To do: Please repeat only the lines below starting at the line that holds "黑色的圆柱形管道被嫁接到数控" and ending at the line that holds "廖晓副教授作为带队老师之一为", exactly, with both of those lines included and every picture omitted.

Excerpted records:
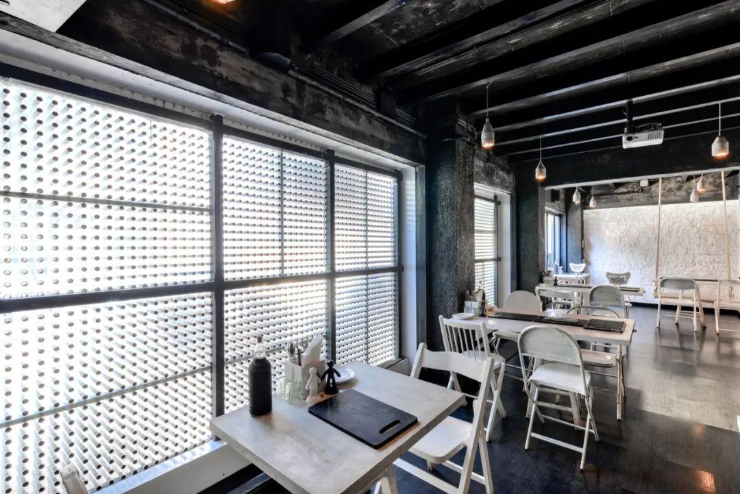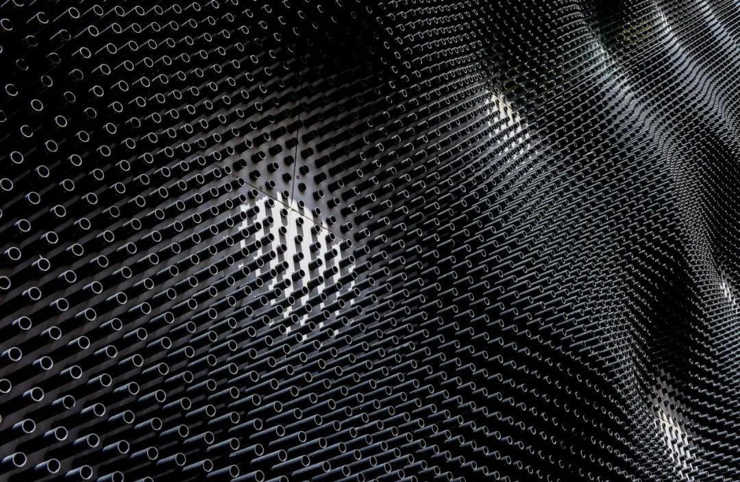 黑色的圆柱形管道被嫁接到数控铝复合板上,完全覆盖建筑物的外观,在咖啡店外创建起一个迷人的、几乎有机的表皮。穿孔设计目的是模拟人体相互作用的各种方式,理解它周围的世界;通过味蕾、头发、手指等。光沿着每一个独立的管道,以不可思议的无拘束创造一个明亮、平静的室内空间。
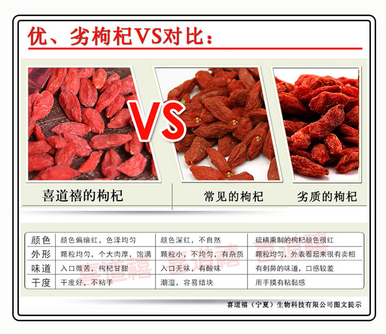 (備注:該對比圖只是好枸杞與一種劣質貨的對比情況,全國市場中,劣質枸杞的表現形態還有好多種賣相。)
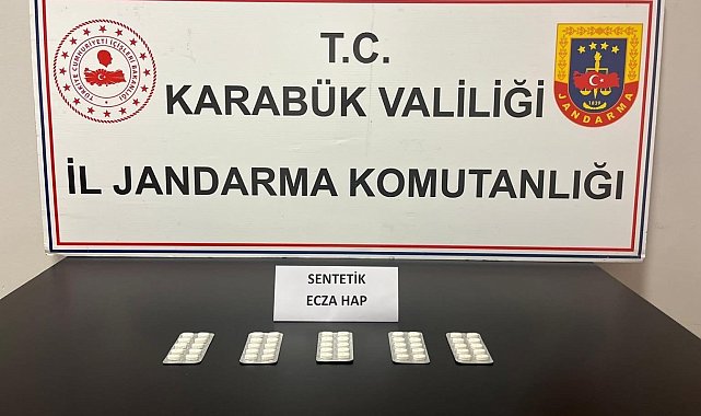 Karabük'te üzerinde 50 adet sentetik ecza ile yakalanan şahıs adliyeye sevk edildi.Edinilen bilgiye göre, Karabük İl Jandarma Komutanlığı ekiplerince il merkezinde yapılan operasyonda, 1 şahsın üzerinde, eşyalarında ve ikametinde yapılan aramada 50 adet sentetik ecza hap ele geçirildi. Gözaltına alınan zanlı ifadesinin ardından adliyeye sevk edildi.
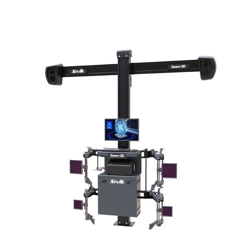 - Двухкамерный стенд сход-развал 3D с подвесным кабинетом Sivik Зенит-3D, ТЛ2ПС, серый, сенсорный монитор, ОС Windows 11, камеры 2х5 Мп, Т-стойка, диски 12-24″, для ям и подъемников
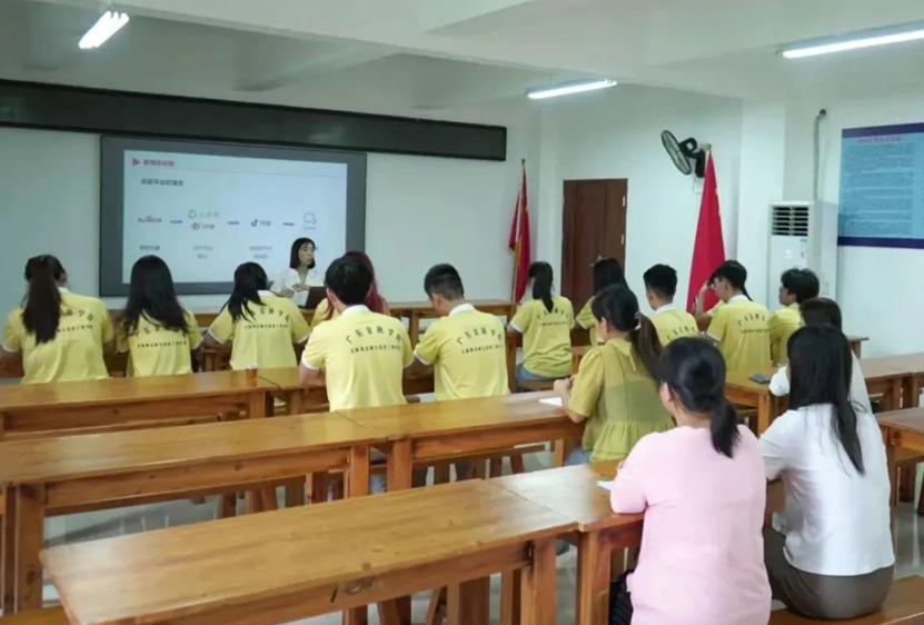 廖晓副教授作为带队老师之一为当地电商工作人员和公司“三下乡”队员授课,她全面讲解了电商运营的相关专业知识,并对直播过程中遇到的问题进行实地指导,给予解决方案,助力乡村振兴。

---

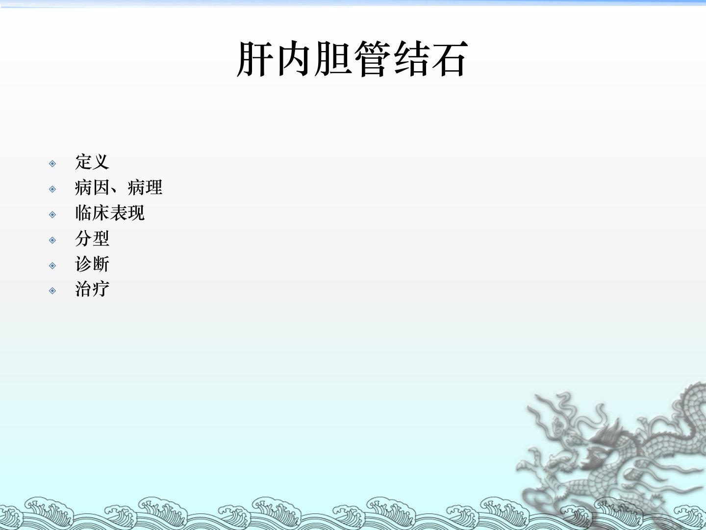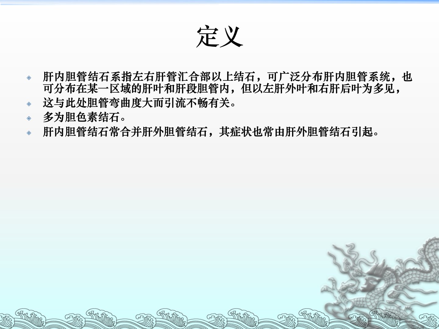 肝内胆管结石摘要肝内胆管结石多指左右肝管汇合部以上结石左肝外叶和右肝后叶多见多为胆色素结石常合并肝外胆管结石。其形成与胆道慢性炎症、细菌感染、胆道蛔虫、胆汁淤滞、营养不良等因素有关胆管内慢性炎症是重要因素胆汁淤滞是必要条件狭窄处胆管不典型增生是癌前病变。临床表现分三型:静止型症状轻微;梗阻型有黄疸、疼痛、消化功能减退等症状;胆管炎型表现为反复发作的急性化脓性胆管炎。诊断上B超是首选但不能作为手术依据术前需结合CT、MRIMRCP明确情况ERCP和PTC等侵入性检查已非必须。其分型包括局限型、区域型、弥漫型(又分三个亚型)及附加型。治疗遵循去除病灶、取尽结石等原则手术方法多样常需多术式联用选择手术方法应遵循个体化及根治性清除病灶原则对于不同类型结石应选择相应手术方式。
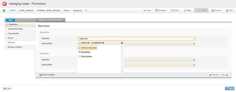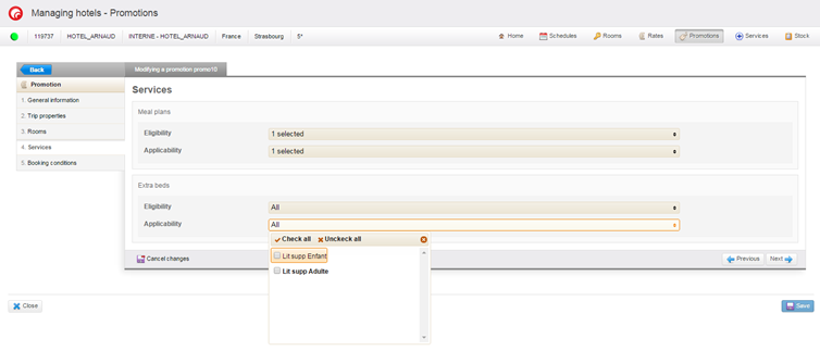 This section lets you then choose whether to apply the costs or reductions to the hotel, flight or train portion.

Written solution:
 黑色的圆柱形管道被嫁接到数控铝复合板上,完全覆盖建筑物的外观,在咖啡店外创建起一个迷人的、几乎有机的表皮。穿孔设计目的是模拟人体相互作用的各种方式,理解它周围的世界;通过味蕾、头发、手指等。光沿着每一个独立的管道,以不可思议的无拘束创造一个明亮、平静的室内空间。
 (備注:該對比圖只是好枸杞與一種劣質貨的對比情況,全國市場中,劣質枸杞的表現形態還有好多種賣相。)
 Karabük'te üzerinde 50 adet sentetik ecza ile yakalanan şahıs adliyeye sevk edildi.Edinilen bilgiye göre, Karabük İl Jandarma Komutanlığı ekiplerince il merkezinde yapılan operasyonda, 1 şahsın üzerinde, eşyalarında ve ikametinde yapılan aramada 50 adet sentetik ecza hap ele geçirildi. Gözaltına alınan zanlı ifadesinin ardından adliyeye sevk edildi.
 - Двухкамерный стенд сход-развал 3D с подвесным кабинетом Sivik Зенит-3D, ТЛ2ПС, серый, сенсорный монитор, ОС Windows 11, камеры 2х5 Мп, Т-стойка, диски 12-24″, для ям и подъемников
 廖晓副教授作为带队老师之一为当地电商工作人员和公司“三下乡”队员授课,她全面讲解了电商运营的相关专业知识,并对直播过程中遇到的问题进行实地指导,给予解决方案,助力乡村振兴。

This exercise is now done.